> _SOURCE INFORMATION_

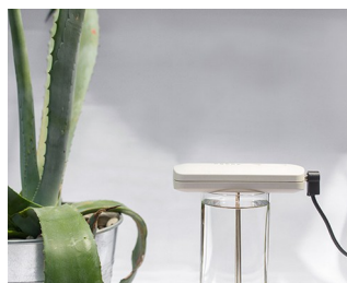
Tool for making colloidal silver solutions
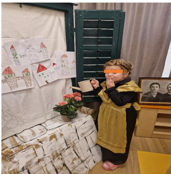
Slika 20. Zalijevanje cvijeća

--

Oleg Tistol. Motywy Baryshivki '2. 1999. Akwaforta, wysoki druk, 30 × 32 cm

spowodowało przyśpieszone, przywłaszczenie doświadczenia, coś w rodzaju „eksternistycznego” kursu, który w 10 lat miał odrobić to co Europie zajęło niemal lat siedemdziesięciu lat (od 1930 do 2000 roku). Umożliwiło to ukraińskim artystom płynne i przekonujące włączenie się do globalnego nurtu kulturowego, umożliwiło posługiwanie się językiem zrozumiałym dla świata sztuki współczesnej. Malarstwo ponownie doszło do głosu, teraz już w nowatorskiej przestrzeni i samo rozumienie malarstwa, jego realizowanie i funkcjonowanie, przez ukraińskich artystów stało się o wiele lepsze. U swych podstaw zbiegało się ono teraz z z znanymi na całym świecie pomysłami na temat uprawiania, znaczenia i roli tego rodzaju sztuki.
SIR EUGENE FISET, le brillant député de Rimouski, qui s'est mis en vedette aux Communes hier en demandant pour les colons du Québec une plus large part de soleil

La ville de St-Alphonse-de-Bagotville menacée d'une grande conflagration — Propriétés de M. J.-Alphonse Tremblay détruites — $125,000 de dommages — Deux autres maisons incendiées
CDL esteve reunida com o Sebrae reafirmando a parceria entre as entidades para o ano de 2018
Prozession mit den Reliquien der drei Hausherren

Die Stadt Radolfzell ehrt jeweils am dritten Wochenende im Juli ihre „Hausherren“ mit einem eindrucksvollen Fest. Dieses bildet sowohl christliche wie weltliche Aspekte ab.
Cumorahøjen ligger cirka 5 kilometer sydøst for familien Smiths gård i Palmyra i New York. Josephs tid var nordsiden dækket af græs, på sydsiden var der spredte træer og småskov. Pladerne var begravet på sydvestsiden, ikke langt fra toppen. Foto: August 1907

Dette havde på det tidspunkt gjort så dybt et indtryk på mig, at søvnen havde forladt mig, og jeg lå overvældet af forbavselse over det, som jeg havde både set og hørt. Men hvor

> _TASK_
Look above for the line that contains "Prozession mit den". Starting there, transcribe every line exactly until you have copied the line that contains "Cumorahøjen ligger cirka".

> _TASK OUTPUT_
Prozession mit den Reliquien der drei Hausherren

Die Stadt Radolfzell ehrt jeweils am dritten Wochenende im Juli ihre „Hausherren“ mit einem eindrucksvollen Fest. Dieses bildet sowohl christliche wie weltliche Aspekte ab.
Cumorahøjen ligger cirka 5 kilometer sydøst for familien Smiths gård i Palmyra i New York. Josephs tid var nordsiden dækket af græs, på sydsiden var der spredte træer og småskov. Pladerne var begravet på sydvestsiden, ikke langt fra toppen. Foto: August 1907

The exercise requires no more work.